Last month I met a man who holds my childhood dream job: an “exhibit preparator” at a university’s natural-history museum. That may not sound so exciting, but I think his position should be one of the most coveted in all of academe because it brings together so many things that make for an enjoyable, varied, and creative professional life.
It’s not a job that one is likely to see advertised. Hires are made by the planetary alignments of person, place, and timing. It helps a lot if you happen to have degrees in both art and biology, along with experience in manufacturing. All of that makes Daniel Erickson at the University of Michigan’s Exhibit Museum of Natural History a rare species, indeed.

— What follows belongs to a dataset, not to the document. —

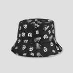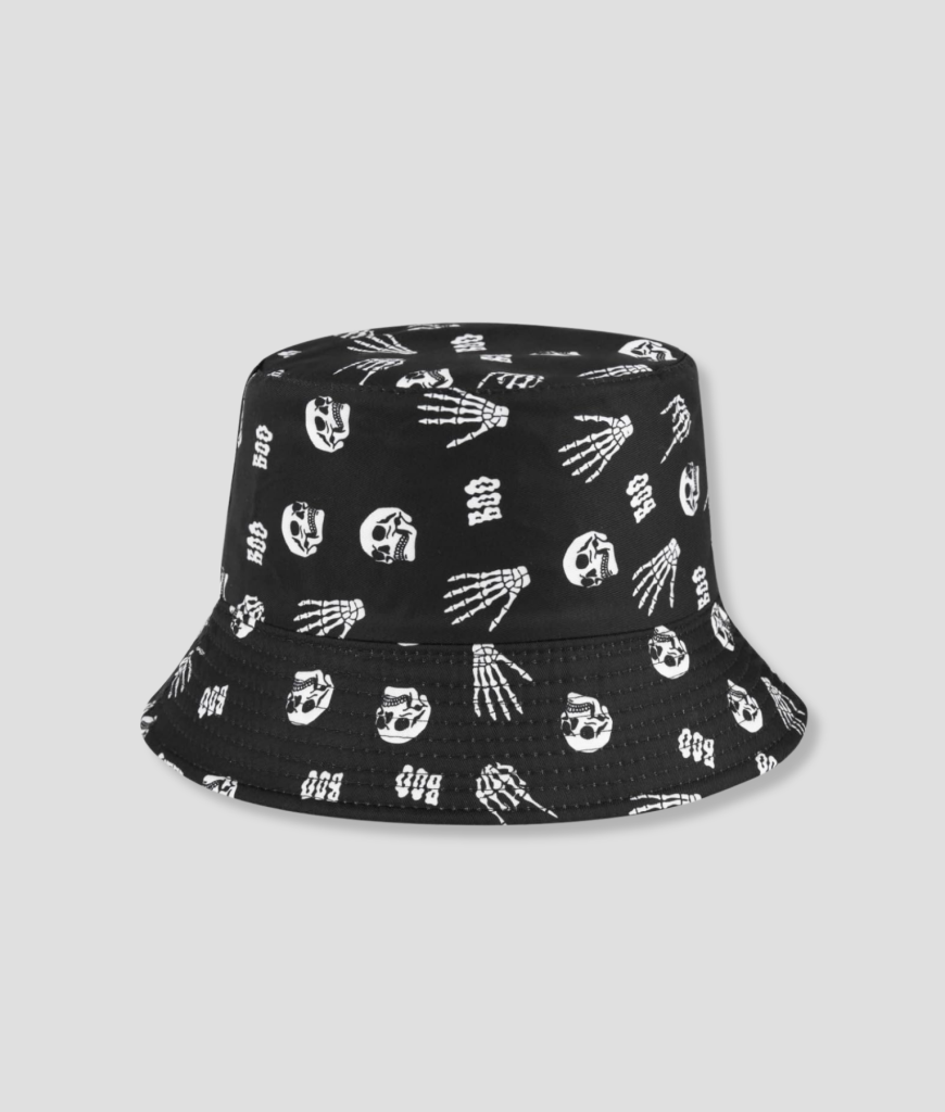 Een strakke, diepzwarte bucket hat als basis. De punchline wordt geleverd door de krachtige, witte all-over print van grimassende schedels, skelethanden en de onheilspellende kreet “BOO!”. De boodschap is brutaal en trekt direct de blikken van zowel medestanders als degenen die bang zijn in het donker. Het is een gewaagde, humoristische statement piece die de discussie op de dansvloer start: “Is het Halloween of is dit mijn everyday vibe?”

His laboratory, a cross between the studio of MythBusters and a cabinet of curiosities, is an unselfconscious work of art that rivals anything you’ll find elsewhere in the museum. You step through the oak door of Room 4511, and your eyes wander from the replica head of a Neanderthal, nestled amid a row of gilded 19th-century periodicals, to a massive oak cabinet on which sits a curiously smiling fiberglass Dimetrodon, to a cluster of ferocious-looking industrial machines (a lathe, table saws, and a drill press). You begin to understand that the peculiar attraction of this kind of museum is not merely the latest scientific theories about the proper position of the tail of the Allosaurus (horizontal, of course); it is the intersection of art, history, and the cultures of science stretching back at least four centuries. It’s all about the aura of things that are real.
The stimulating juxtapositions of Room 4511 result from the day-to-day activities of people who have worked at the museum for generations. What one sees are the accidental accumulations of time, rather than the clean, uniform, and often deadening spaces created by committees governed by the orthodoxies of a narrowly defined mission.
In many respects Room 4511 reflects the university’s museum as a whole, with its layering of the periods of display from the 19th century to the present. The main hall on the second floor seems to have evolved slowly, adding one exhibit at a time or making modest changes to an old one. It appears to have never undergone the kind of wholesale renovations that have desecrated some historically important museums, like the Academy of Natural Sciences in Philadelphia. Without abandoning contemporary science, Michigan’s museum does for mid-20th-century natural history what Philadelphia’s Wagner Free Institute of Science does for the 19th century: It preserves a piece of the art and history of natural history.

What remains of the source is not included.